И выбравъ увѣсистый букетъ изъ зимнихъ левкоевъ съ твердыми стеблями, Конуринъ швырнулъ имъ прямо въ лицо англичанина съ такой силой, что тотъ тотчасъ-же схватился руками за носъ.
— Ага! Почувствовалъ! А вотъ тебѣ и еще на закуску! Дошкуривай его, Николай Ивановъ, дошкуривай хорошенько! — продолжалъ кричать Конуринъ.
— Смотрите, Иванъ Кондратьичъ, вѣдь у англичанина-то кровь на лицѣ. Вѣдь вы ему въ кровь носъ расшибли, — замѣтила Глафира Семеновна.
— Ништо ему! Такъ и слѣдуетъ. Поѣдетъ еще разъ мимо, такъ я ему букетецъ въ родѣ вѣника приготовилъ. Такъ окамелкомъ въ дыхало и залѣплю, чтобъ зубаревыхъ дѣтей во рту не досчитался. Батюшки! Смотрите! Моя вчерашняя мамзель въ коляскѣ! Ахъ шкура! — воскликнулъ вдругъ Конуринъ и швырнулъ. въ нее увѣсистымъ букетомъ полевыхъ цвѣтовъ, прибавивъ:- Получай сайки съ квасомъ! Вчера пять франковъ на чай вымаклачила, а сегодня, вотъ тебѣ куричью слѣпоту въ ноздрю! Глафира Семеновна! Видите? Кажется, она?
— Вижу, вижу… Дѣйствительно, это ваша вчерашняя дама, которая васъ въ покатый билліардъ ставки ставить учила.
Француженка, получивъ отъ Конурина ударъ букетомъ въ грудь, улыбнулась и въ свою очередь пустила въ него цѣлую горсть маленькихъ букетиковъ. Конуринъ опять отвѣчалъ букетомъ.
— Англичанинъ! крикнулъ Николай Ивановичъ. — Англичанинъ обратно ѣдетъ. Иванъ Кондратьичъ, не зѣвай!

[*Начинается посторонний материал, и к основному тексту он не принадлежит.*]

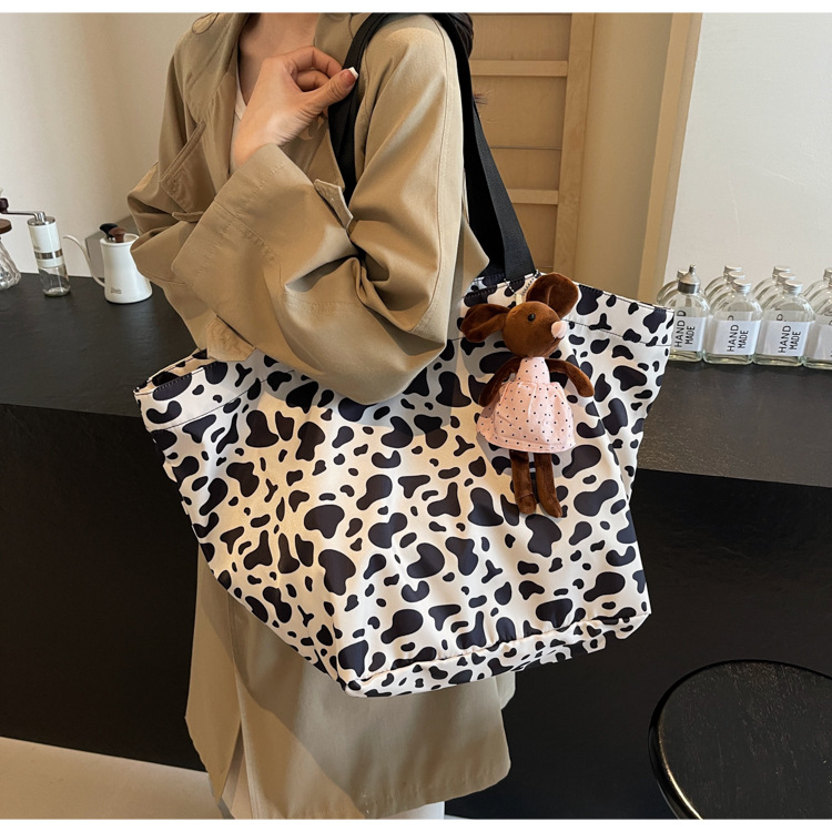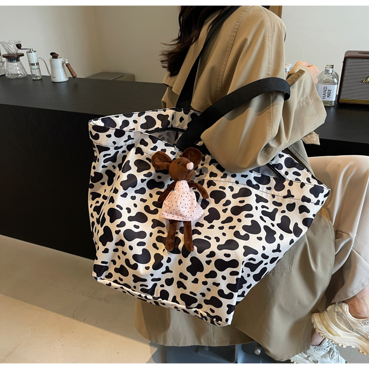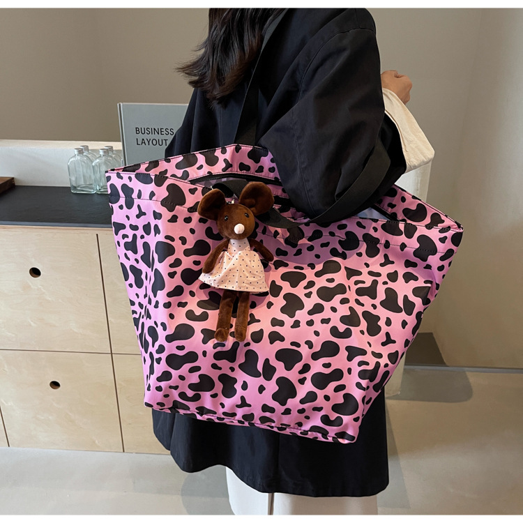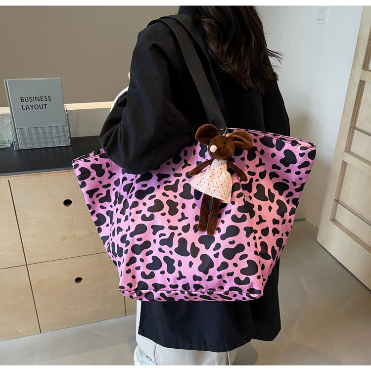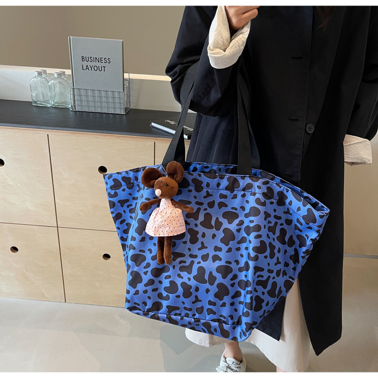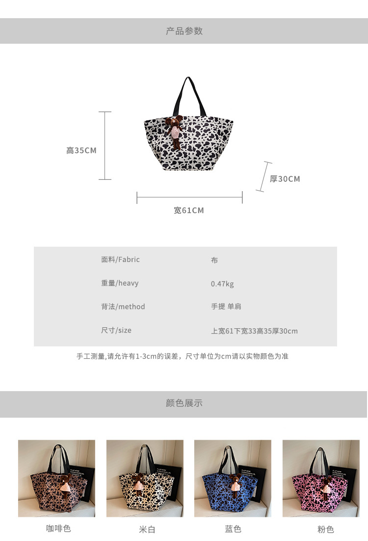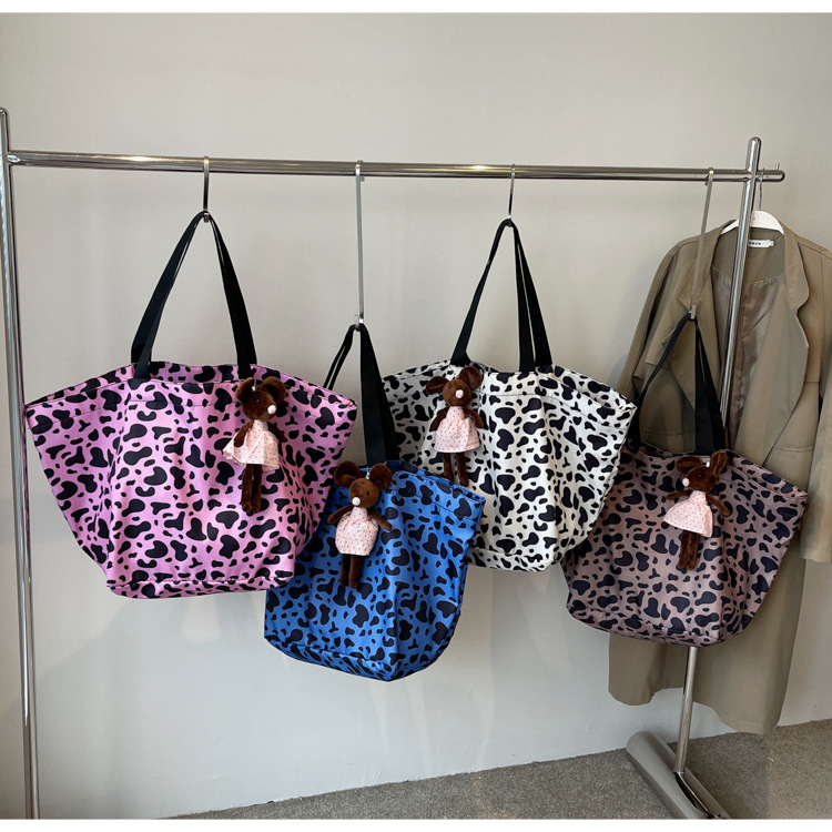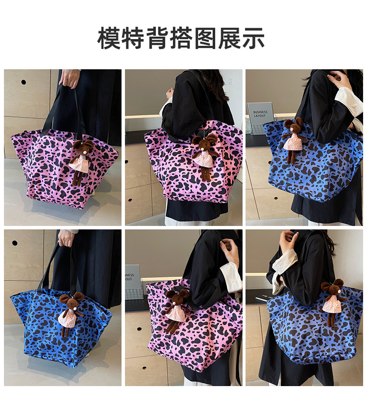 クロスボーダー新型韓国版ヒョウ柄プリント布バッグ女性大容量ショルダーバッグ女性旅行レジャーショッピングバッグ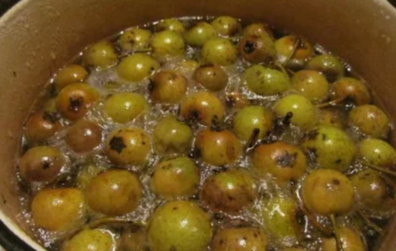 Следует сказать, что дикие груши безвкусные и твердые, но варенье из них получается очень вкусное и ароматное. Когда варенье готово, оно приобретает красно-коричневый цвет.
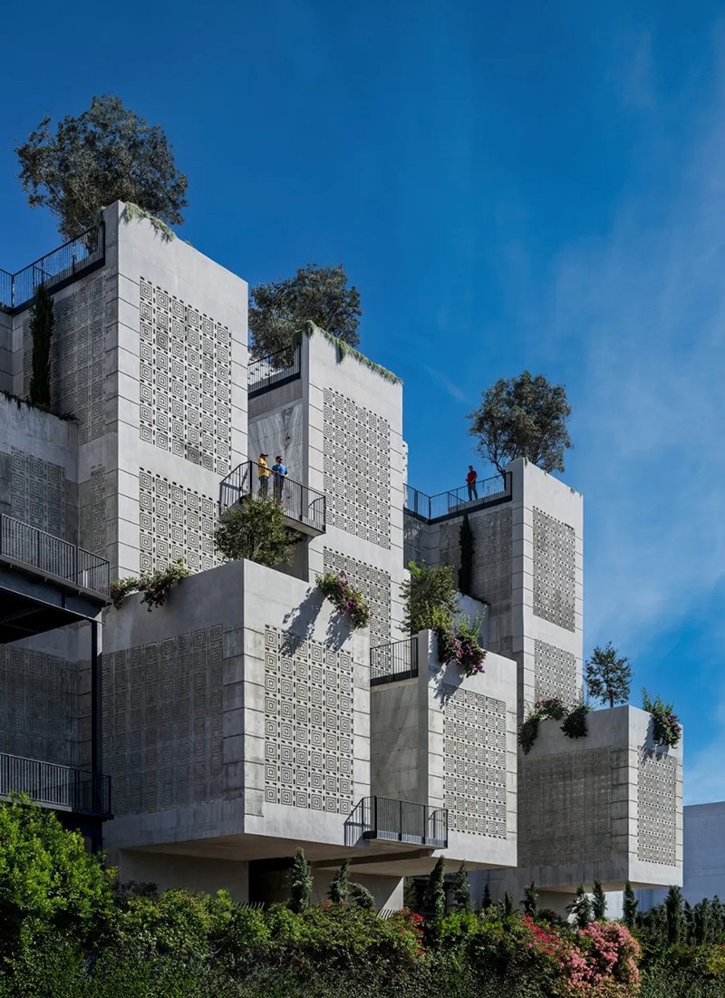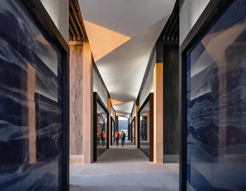 公墓分層設(shè)立的陽臺、庭院和梯田式花園從建筑向外延伸,提供眺望點(diǎn)、寬敞的座位以及一個適合沉思的空間。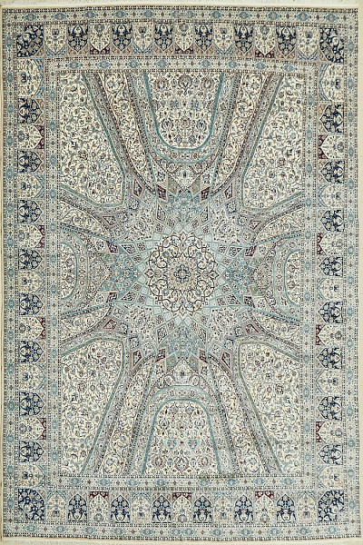 Рисунок состоит из переплетающихся мелких цветочков и веток. Характерное сочетание голубоватых тонов и цвета слоновой кости стало настоящей торговой маркой здешних мастеров. В персидском языке существуют специальные технические наименования -кхахарла, шешла и нохья, -которые обозначают кол-во нитей в пряди (соответственно 4,6 и 9). Между тем Наин, хотя и расположен неподалеку от издавна славившегося своими коврами Исфахана, сам не является древним центром ковроткачества. Многочисленные мануфактуры по производству ковров ручной работы появились здесь лишь в первой половине 20 века. Однако за короткий, по меркам истории ковра, срок город стал одним из самых знаменитых центров коврового производства.
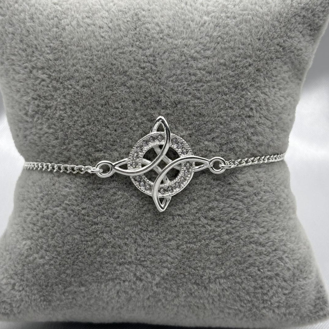 Esta elegante pulsera hecha de plata 925 está adornada con un hermoso dije nudo de bruja que brilla con piedras de zirconia. Combina la elegancia de la plata con la belleza de las piedras para un accesorio sofisticado y llamativo. Perfecto para cualquier ocasión.

— Гдѣ? Гдѣ? — откликнулся Конуринъ. — Надо ему теперь физіономію-то съ другой стороны подправить. Ахъ, вотъ онъ гдѣ. Швыряй въ него, Николай Ивановъ, швыряй! Вотъ тебѣ букетецъ. Не букетъ, а, одно слово, метла… Да и я такимъ-же пущу.
— Господа! Господа! Развѣ можно такъ швыряться? Надо учтивость соблюдать, а то вы въ кровь… — останавливала мужа и Конурина Глафира Семеновна.
— Сапогомъ-бы въ него еще пустилъ, а не токмо что букетомъ, да боюсь, что сниму сапогъ, швырну, а мальчишки поднимутъ и утащутъ. Эхъ, не захватили мы съ собой пустопорожней бутылки изъ гостинницы. Вотъ бы чѣмъ швырнуть-то.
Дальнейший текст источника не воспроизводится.